The workflow for modern scientific research always seems so amateurish from the perspective of basic software development.

> We set up a video meeting, and decided that Susanne would go through simulations, and I would go through my old data, if I could dig them up. That was a challenge. Only months before, my current university had suffered a cyberattack, and access to my back-up drive was prohibited at first. ... I spent a week piecing together the necessary files and coding a pipeline to reproduce the original findings. To my horror, I also reproduced the problem that Susanne had found. The main issue was that I had used the same data for selection and comparison, a circularity that crops up again and again.

The proper solution would be to publish the code along with the paper so that others could directly review it. Ideally, the raw data would also be published, but there might be privacy issues with that. Peer review for journals is supposed to catch these type of workflow problems, but just throwing the code & paper up onto GitHub would probably be more effective than publishing just the paper and waiting for others to catch the problem.
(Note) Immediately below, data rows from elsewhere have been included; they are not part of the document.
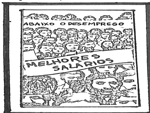
Imagem 4. Os impasses do novo sindicalismo

Podemos perceber que o CEDIP, assim como os movimentos sociais e políticos que representava e assessorava, alinhado aos discursos de movimentos de alcance nacional, entendia o trabalhador como pertencente ao sexo masculino, pois este estaria supostamente ligado ao processo de produção de riquezas fora do ambiente reprodutivo. Corroborando com essa ideia, outra imagem ligada à reivindicação de melhores salários e empregos também reproduz a lógica masculinista de trabalho e produção.
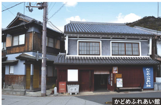
かどめふれあい館

その南側は「大手」で、浦川を挟んで左手に醤油蔵の黒い板壁、右手に如来寺の白い土塀と重たげな瓦屋根の本堂が見え、小京都・龍野にふさわしい景観を形づくっている。
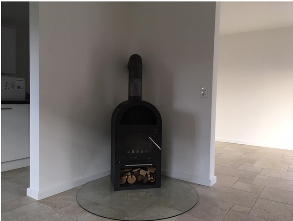
EG: Ofen im Wohnzimmer
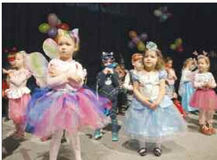
Na karnevale v kultúrnom dome sa masky predviedli aj na pódiu.
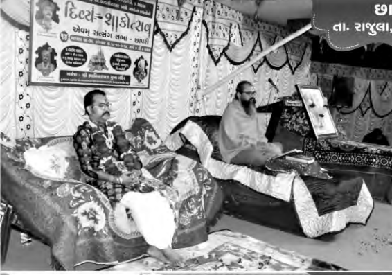
છાપરી તા. રાજુલા, જી. અમરેલી
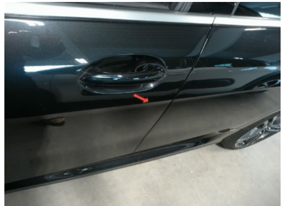
Abbildung 6: Siehe Pos.5
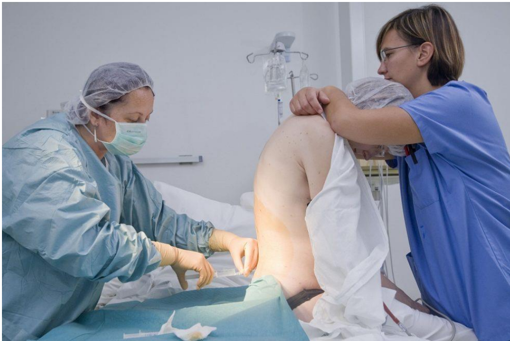
Slika 1.2. Primjena epiduralne analgezije u sjedećem položaju

Danas je najzastupljenija metoda regionalne, lumbalne epiduralne analgezije, a činjenično je kako uz svoju pouzdanost ublažava i prekida porođajni stres i uklanja njegove neželjene posljedice (8).
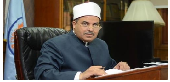
فضيلة أ.د: محمد حسين المحرصاوي رئيس جامعة الأزهر
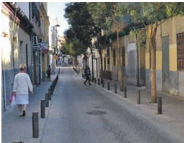
La calle de Topete, en el barrio de Bellas Vistas

Las llamas se originaron en el interior de uno de los tres pisos de un bloque de cinco alturas. Los bomberos del Ayuntamiento accedieron al interior de la vivienda, que contaba con una puerta blindada, mediante un butrón realizado desde el piso contiguo. Al lugar se trasladaron 10 dotaciones para la extinción de incendios, así como agentes de la Policía Municipal, que se encargaron de regular el tráfico para facilitar las labores de los bomberos.
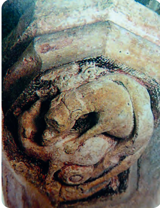
Afb. 3. Een hond bijt de hals over van een serpent (symbool van het kwade): uitbeelding van de strijd die de dominicanen (volksetymologisch Domini canes: honden van de Heer) leverden tegen de katharen (de 'zuiveren'): oorsprong van het woord ketter ... en van de dominicanen-orde zelf. Kraagsteen (begin 15de eeuw) in het lavatorium van het Gentse klooster in Onderbergen, destijds vermoedelijk beschilderd met felle kleuren (overgenomen uit Simons e.a., 1990).
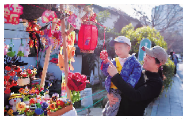
小河直街寻年味 @钱淑群
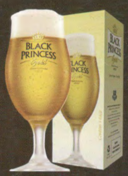
Taça cerveja Ruvolo

AV. Orlando Alves Pereira, 191 - Distrito Industrial
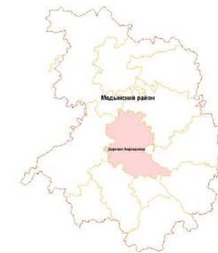
Схема расположения СП "Деревня Варваровка" Медынского района
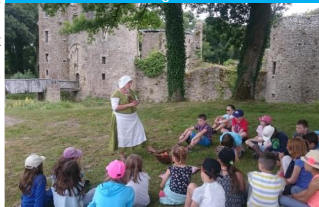
L'alimentation au Moyen Age

My lab practice is to publish the repo path and the full hash of the commit that gave the results in the paper. The repo might have subsequent bug fixes, new code or data, etc. But you can get and run the exact code & data that the claims are based on if you wish.

The published paper contains the hash printed in the text.


I partially blame software infrastructure here.

I've tried to do reproducible research, but just setting something up when I get the exact version of GCC, python and python packages I want, in such a way I can get the same versions 2 years later, is a collosal pain.

Just dumping a pile of code people won't be able to run isn't super useful, and becomes a source of continous complaints and requests for fixes.


You might be interested in using Guix [1] for reproducible research, as is reported earlier (for genomics analysis) [2] and still actively developed [3].

As a bonus, Guix and Nix [4] allow for modular and composable pipelines, where you can swap different components (such as to upgrade Python from 3.8 to 3.9, or to enable certain optimizations for some Python libraries, or to run on MacOS and Linux while keeping the whole stack more or less the same), which would be more difficult to do reproducibly with other tools such as Docker (composing Guix or Nix functions are easier than composing DOCKERFILE or Docker Compose).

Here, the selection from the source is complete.